Set down, exactly and only, everything from the line containing "Papperstallrikar och muggar" down to the line containing "Grab a delicious" in the data below; the pictures are not part of the copy.

----- RECORDS

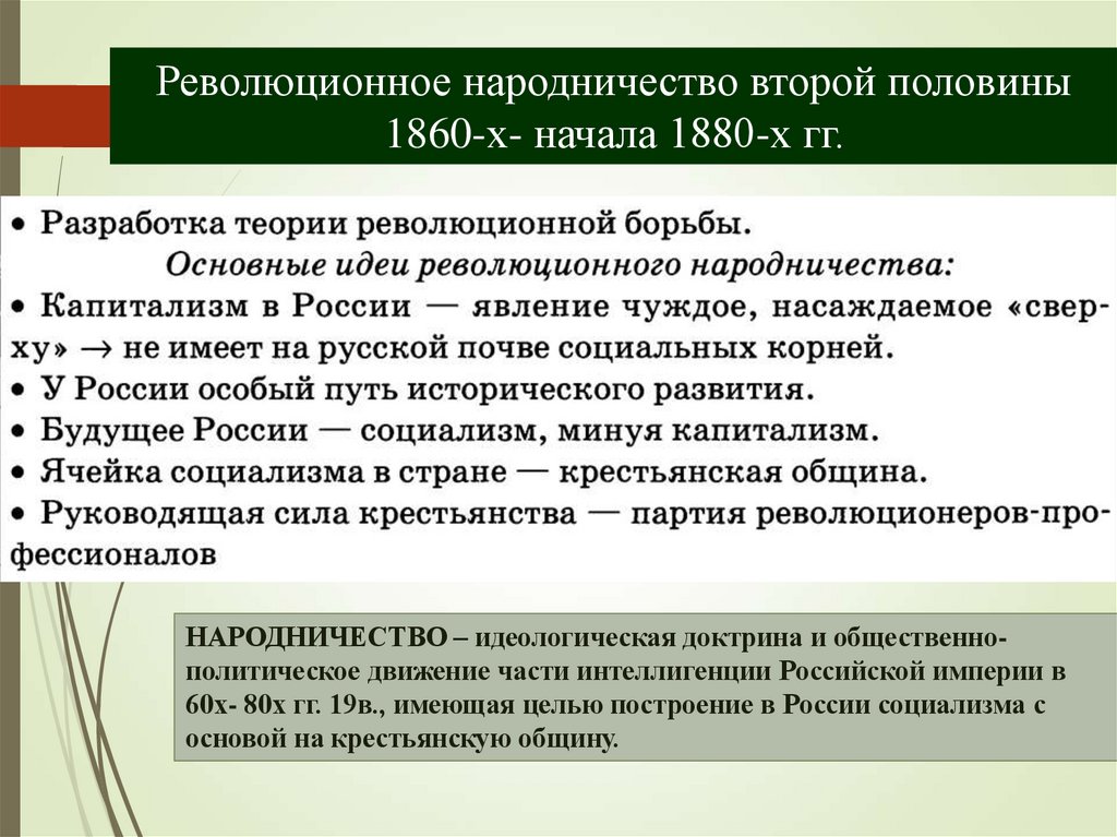 НАРОДНИЧЕСТВО – идеологическая доктрина и общественнополитическое движение части интеллигенции Российской империи в
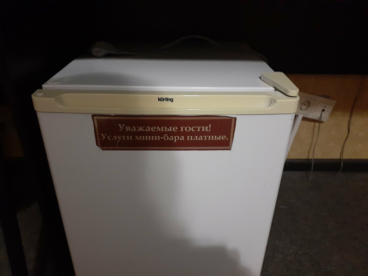Кафе не работвет, розетка одна на весь номер (за грядушкой кровати, ее еще отыскать надо), чайника нет, тапочек одноразовых тоже нет, вода в душе не спускается, краны в извести и грибке, вода в холодильнике по 50р. за 0,5 л. Т.е. если у вас нет с собой питьевой воды, кипятильника , чашек-ложек- будьте добры раскошелиться. ТВ 32 дюйма- с кровати его не то, чтобы не видно, пульт даже не всегда достаёт)))) утром неожиданно дверь открыли снаружи другим ключом и зашли в номер, пока мы спали, пришлось разнести… с испугу горничная забыла связку с ключами от всех (!) номеров в замке нашей двери: сколько они там провисели и кто успел ими воспользоваться- большой вопрос, к обеду мы вышли из номера обнаружили эту связку и вернули на стойку администратора. Ни ногой больше
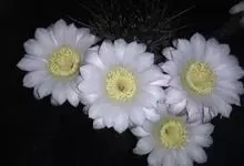 仙人球花 仙人掌科,仙人球属。植株单生或成丛。幼株球形,老株长成圆筒状,高可达75厘米,直径12-15厘米。球体暗绿色,具棱11-12。刺锥状,黑色,长1-1.5厘米。花着生于球体侧方,大型嗽喇叭状…全部>>
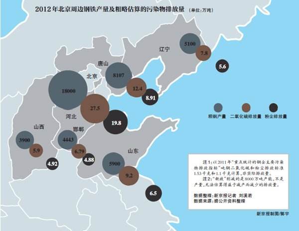 统计数据显示,2012年我国粗钢产量超过7亿吨,来自辽宁、河北、山西、山东等北京附近的四省份,产量就达到3.29亿吨,约占全国产量的46%。
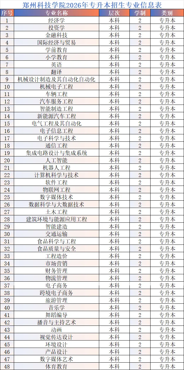 >郑州科技学院2026年专升本招生专业及近三年录取分数线
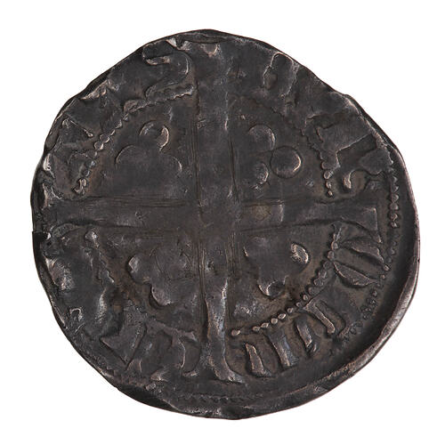 The obverse has been tooled to show a face so the class of the coin can no longer be determined, it features a crowned bust of the King facing; around, + EDWAR R ANGL DNS HYB
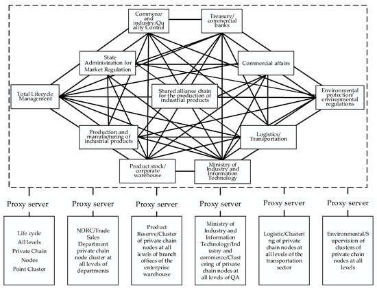 The system architecture of this industrial product quality traceability system consists of an alliance chain and multiple private chains, in which the alliance chain consists of the whole life cycle supervision, the General Administration of Market Supervision, the production and manufacturing of industrial products, industry and commerce, quality inspection, product stockpiling, finance, the Ministry of Industry and Informatization, logistics, environmental protection, and other departments as nodes. According to the “Supervision and Management Provisions on the Implementation of Quality and Safety Responsibility of Industrial Product Manufacturing Units” and “Supervision and Management Provisions on the Implementation of Quality and Safety Responsibility of Industrial Product Sales Units” issued by the General Administration of Market Supervision and Regulation, and in combination with the market circulation norms for industrial products, we will arrange and deploy the nodes of the alliance chain mentioned above according to their functions and classify them into four subsystems, which are the production and manufacturing subsystem; the sales, circulation, transportation, and logistics subsystem, the product reserve subsystems; and the regulatory subsystems, respectively, to build a private chain of the four subsystems. Based on the data interactions and storage requirements for the quality information on the whole life cycle of industrial products, the hybrid blockchain adopts the Interplanetary file system (IPFS) network. Constructed based on BitTorrent protocol and Kademlia Distributed Hash Table (DHT) technology, it ensures that the peer nodes in the network structure can conveniently relocate objects and manage metadata, and each private chain interacts with alliance chains through a proxy server for data interaction and information sharing. Product design/decision-making, raw material procurement/supply, product manufacturing/production processes and early warnings, product warehousing/stockpiling, sales/packaging, logistics/transportation, use/condition monitoring, maintenance/inspection and repair, decommissioning/recycling and remanufacturing, and other quality information generated in the process of quality traceability for the whole life cycle of industrial products are uploaded to the private chains and their corresponding sub-systems for storing and sharing. Each private chain has at least one management node in the alliance chain, through which the private chain and the alliance chain realize information sharing and interaction. The industrial product quality traceability system is vertically coordinated at the national–provincial–municipal–county levels. It contains government departments such as the Ministry of Industry and Information Technology, the General Administration of Market Supervision, the Ministry of Commerce, the Industry and Commerce Bureau, the Ministry of Transportation, and other government departments and supply chain segments, such as manufacturing enterprises, stockpiling enterprises, transportation enterprises, etc. The blockchain-based industrial product quality traceability system compensates for the top-down pyramid storage model of the traditional quality traceability system and is combined with industrial internet identity resolution technology; it provides an opportunity to solve the problem of information islands during the whole life cycle management of industrial products and the circulation of elements and to realize data interoperability, credible identity resolution, and massive information mining.
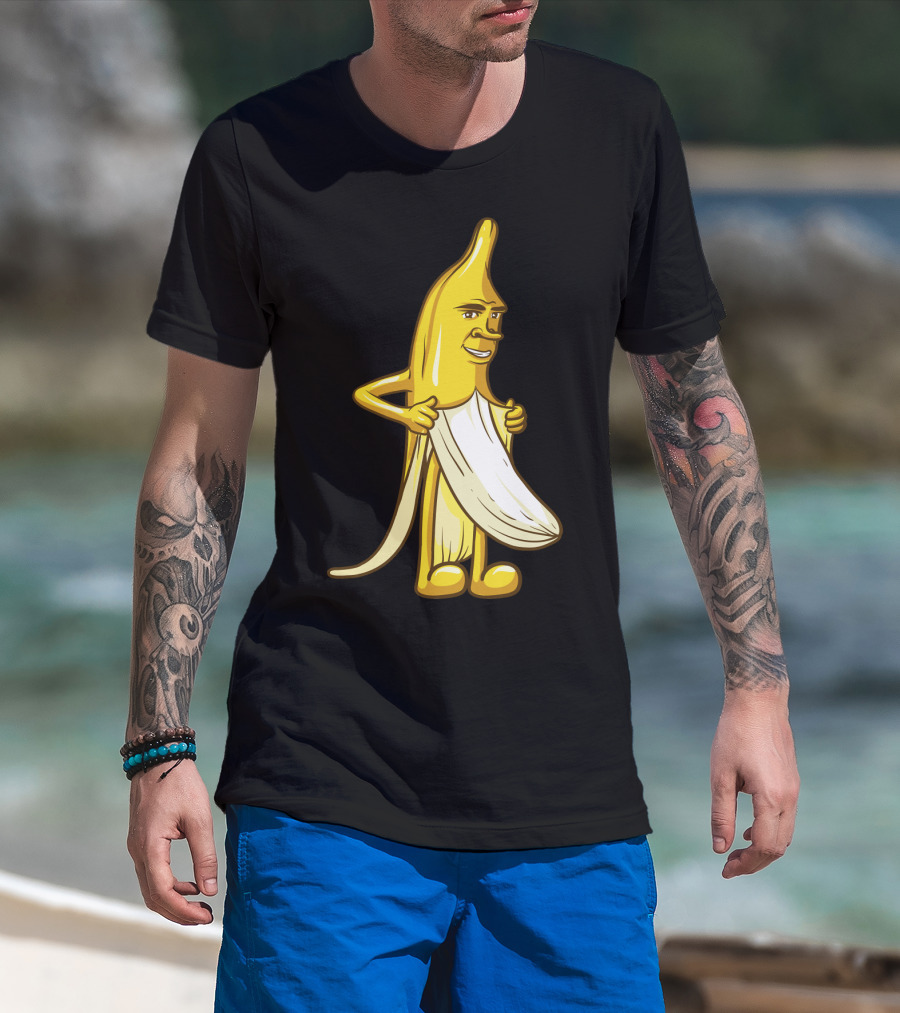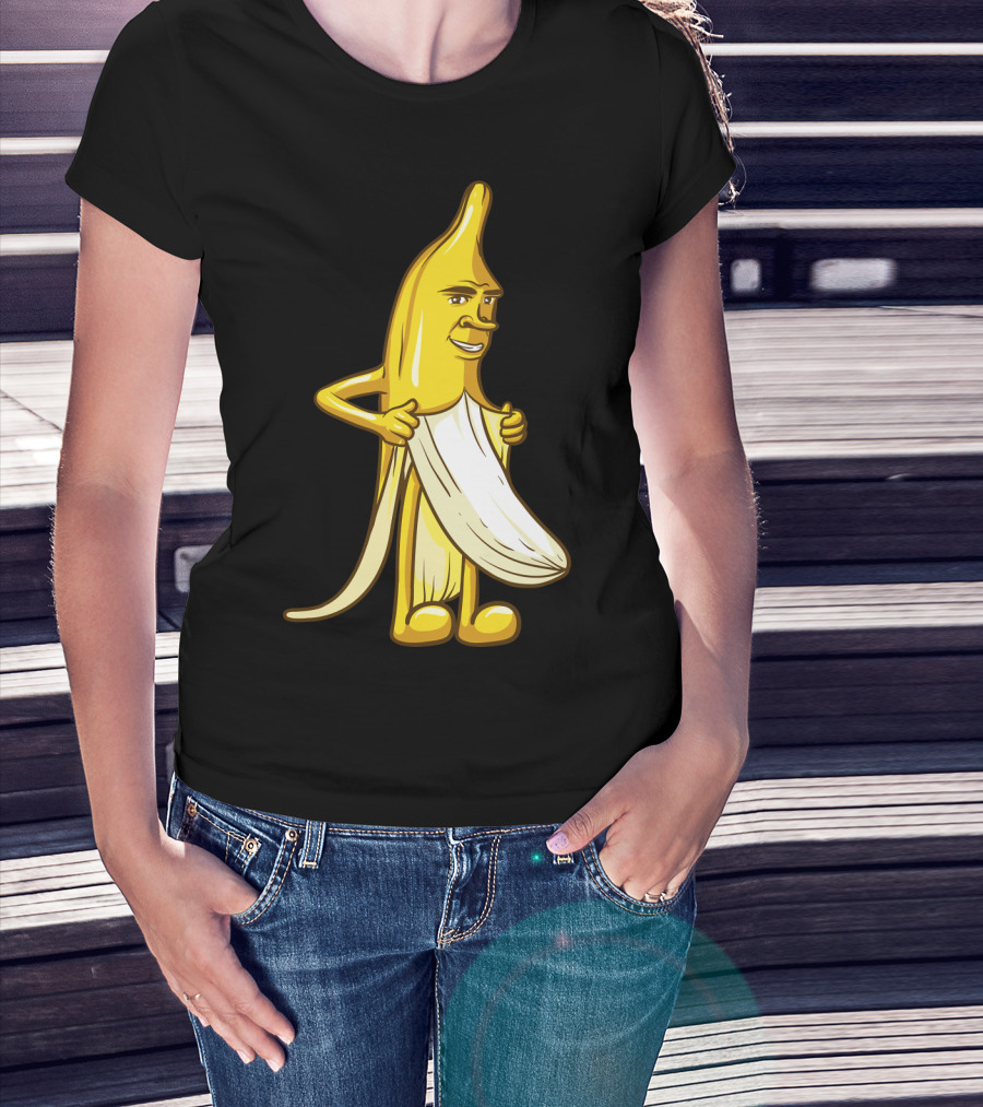 Banana Striptease Cartoon Censored Naked Peeling Comedy T-Shirt
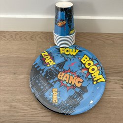Papperstallrikar och muggar med serietidningsmotiv
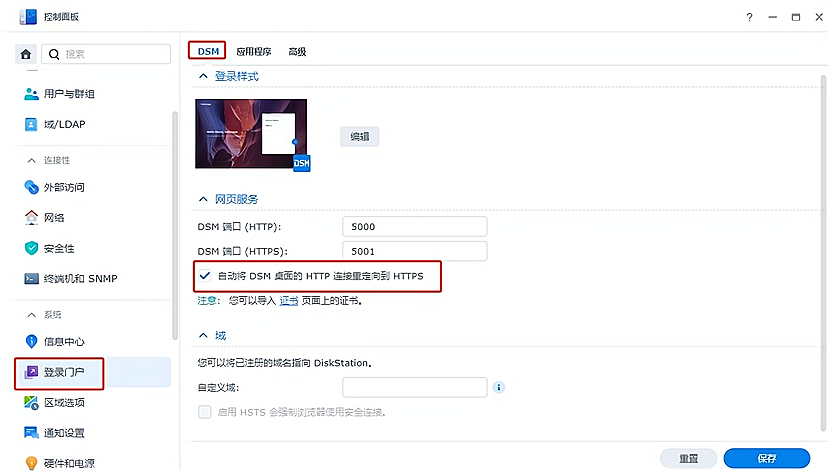 ▼使用加密連接 要使用 SSL/TLS 加密連接,請使用 HTTPS 訪問 DSM 和基于 Web 的套件,如 Synology Chat、Synology Drive、Synology Photos 和 Surveillance Station。這可以保護客戶端與您的 Synology NAS 的通信。 您可以使用以下方法啟用 HTTPS: DSM 登錄使用HTTPS協(xié)議,控制面板 > 登錄門戶 > DSM 以選擇自動將 HTTP 連接重定向到 HTTPS 。
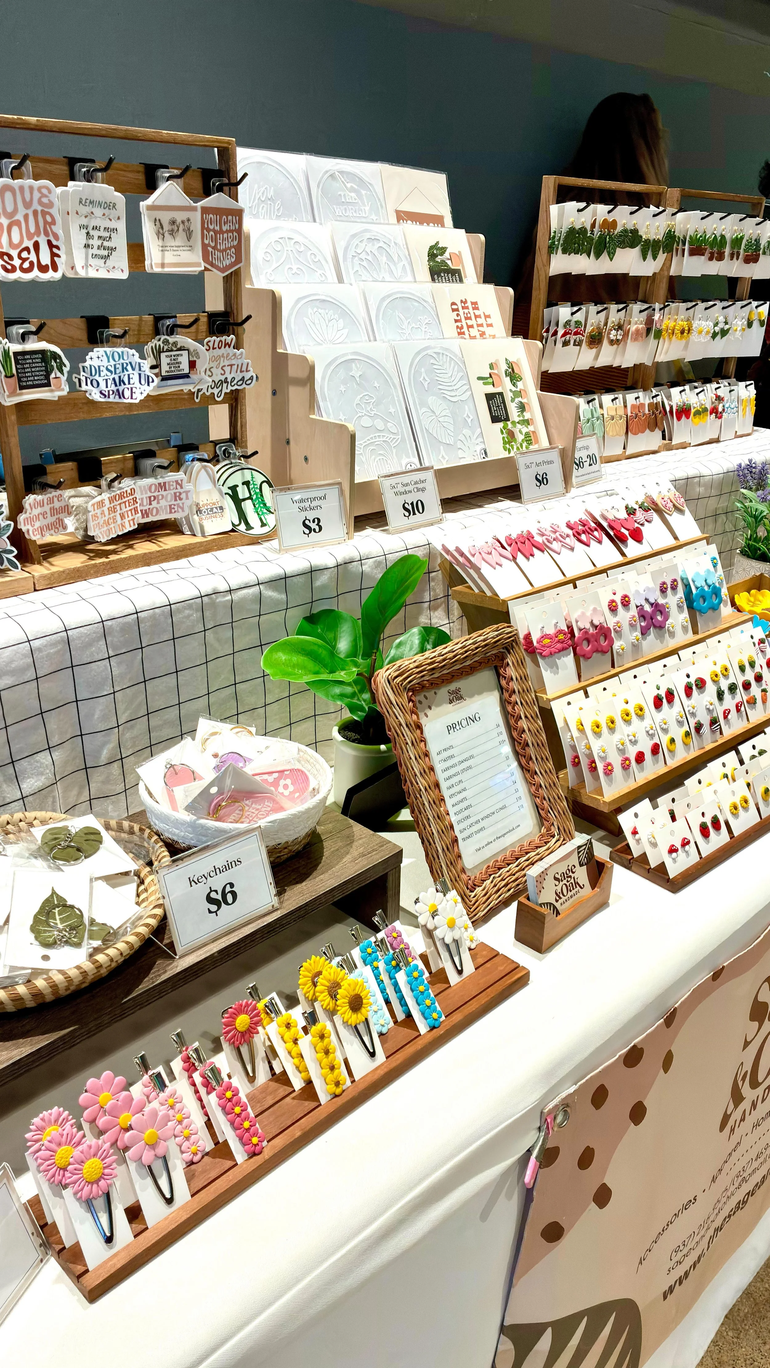 Grab a delicious coffee and shop a small selection of our waterproof stickers and polymer clay earrings.
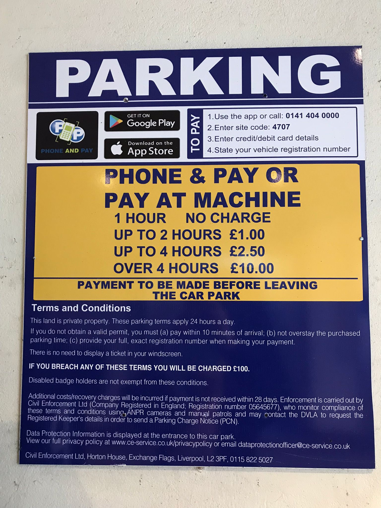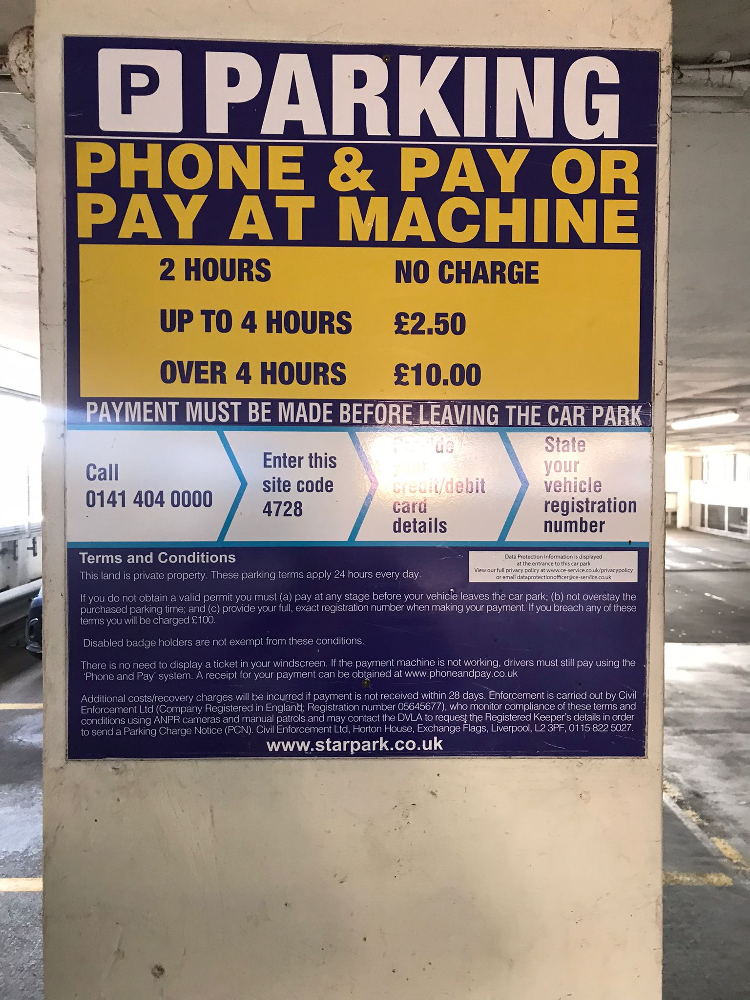 There's nothing to tell the reader that the listed terms only relate to the ground floor spaces and that they must instead seek out other signage, if parked in another storey of this car park, and there are no surface markings nor barrier delineation at all. It's all set up by CEL as a trap, IMHO. It's two car parks made to look like it's one.

----------

TASK RESPONSE ->
Papperstallrikar och muggar med serietidningsmotiv
 ▼使用加密連接 要使用 SSL/TLS 加密連接,請使用 HTTPS 訪問 DSM 和基于 Web 的套件,如 Synology Chat、Synology Drive、Synology Photos 和 Surveillance Station。這可以保護客戶端與您的 Synology NAS 的通信。 您可以使用以下方法啟用 HTTPS: DSM 登錄使用HTTPS協(xié)議,控制面板 > 登錄門戶 > DSM 以選擇自動將 HTTP 連接重定向到 HTTPS 。
 Grab a delicious coffee and shop a small selection of our waterproof stickers and polymer clay earrings.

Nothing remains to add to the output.